Records from a dataset:
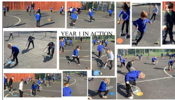
9 - Our Conkers Class enjoyed their tennis session.

Riverside Tennis Club took part in the Wallasey Tennis Tournament at Thorndale Tennis Club. Their first ever tennis tournament and they were runners-up! They did us proud. Congratulations to them all. A great afternoon was had by all.
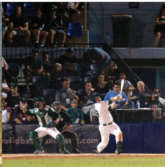
February 2016 World Baseball Classic Qualifiers at Blacktown International Sportspark Sydney
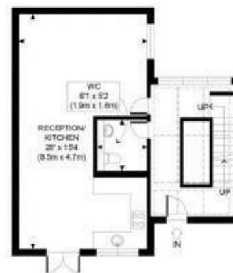
GROUND FLOOR GROSS INTERNAL FLOOR AREA 526 SQFT

APPROX. GROSS INTERNAL FLOOR AREA 1875 SQFT / 174 SQM
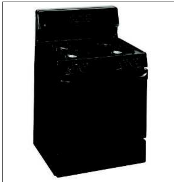
GE Appliances, 30" Freestanding Gas Range in Black.
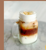
Iced Vanilla Macchiato Freshly brewed coffee, milk and vanilla วานิลลามัทคิอาโต้เย็น
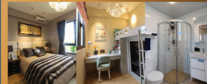
*representation image, fumitures are not included / non decoration standard
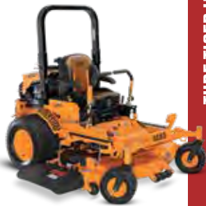
TURF TIGER II™
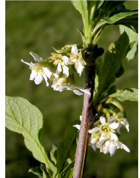
Oemleria cerasiformis Oso Berry Native Perennial Rosaceae
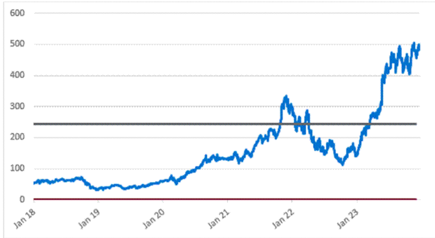
Common Stock of NVIDIA Corporation. – Daily Closing Prices January 2, 2018 to December 22, 2023

*The gray solid line indicates the downside threshold price, which is 50% of the initial share price.
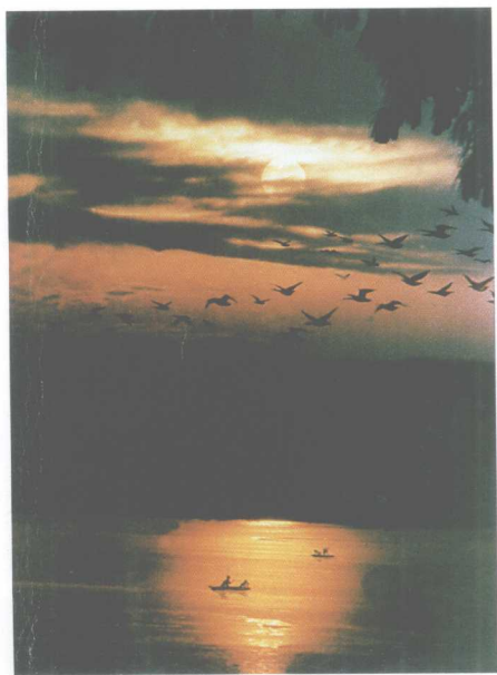
威 宁 草 海
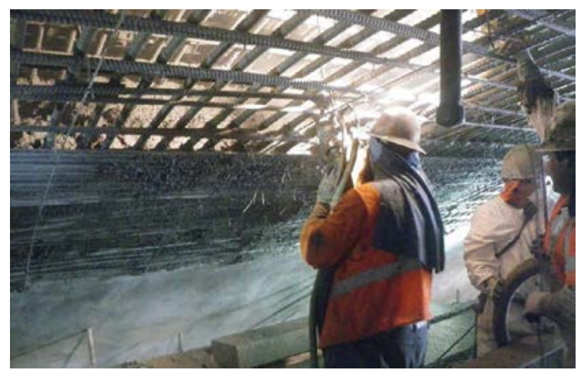
Fig. 7: Nozzle in outer layer of reinforcement, encasing the back layer

application, the coordinated teamwork from Schiavone/Kiewit JV and Superior Gunite's team made this a huge success. The freezing operation was turned off early and the load from the six-lane thoroughfare on top, with an overhead train line running 500 trains per day, continued. This was the first part of a much bigger project to bring the Long Island Railroad into a new terminal beneath Grand Central Station in Manhattan (refer to Fig. 9(a) and (b)).
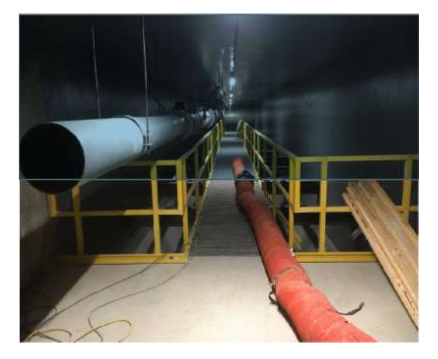
Figure 12–Macaulay Point Pump Station- Wet well fiberglass reinforced plastic platform installation.

Photographs of construction progress over the month of May at Macaulay Point Pump Station are shown in Figures 12-13.
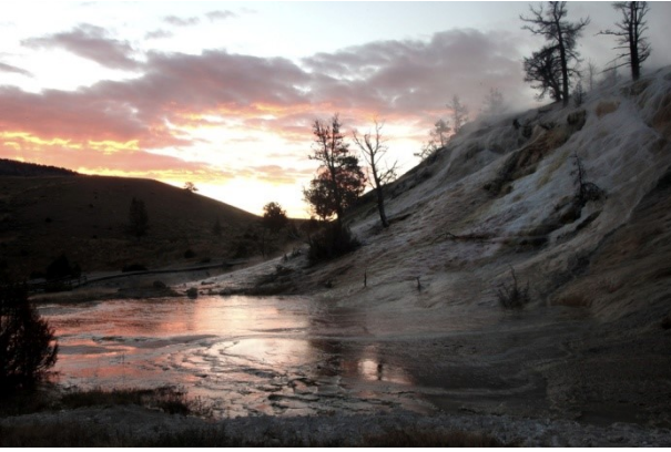
"Mammoth" - 3 Pts Hand Of Man Evident
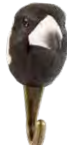
AUSTRALIAN MAGPIE WG4489
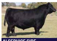
AI SERVICE SIRE

I know I have way too many favourites, but this one is for sure. We all see cattle differently but in my eyes, this is the type I want to breed and own. After calving 2 calf crops of South Points I think this is absolutely the right mating. AI Bred April 17 to Conley South Point. Exposed May 20 to August 15 to Riverfront Stunner 021H. Exposed June 7 to August 15 to Blast Encore 4H. Vet called 4 months (Sept 1).

THE PROBLEM ▸
The pictures stay out; repeat exactly the lines from the one with "Of Man Evident" to the end of the entries above, and nothing else.

RESPONSE BOX ▸
"Mammoth" - 3 Pts Hand Of Man Evident
AUSTRALIAN MAGPIE WG4489
AI SERVICE SIRE

I know I have way too many favourites, but this one is for sure. We all see cattle differently but in my eyes, this is the type I want to breed and own. After calving 2 calf crops of South Points I think this is absolutely the right mating. AI Bred April 17 to Conley South Point. Exposed May 20 to August 15 to Riverfront Stunner 021H. Exposed June 7 to August 15 to Blast Encore 4H. Vet called 4 months (Sept 1).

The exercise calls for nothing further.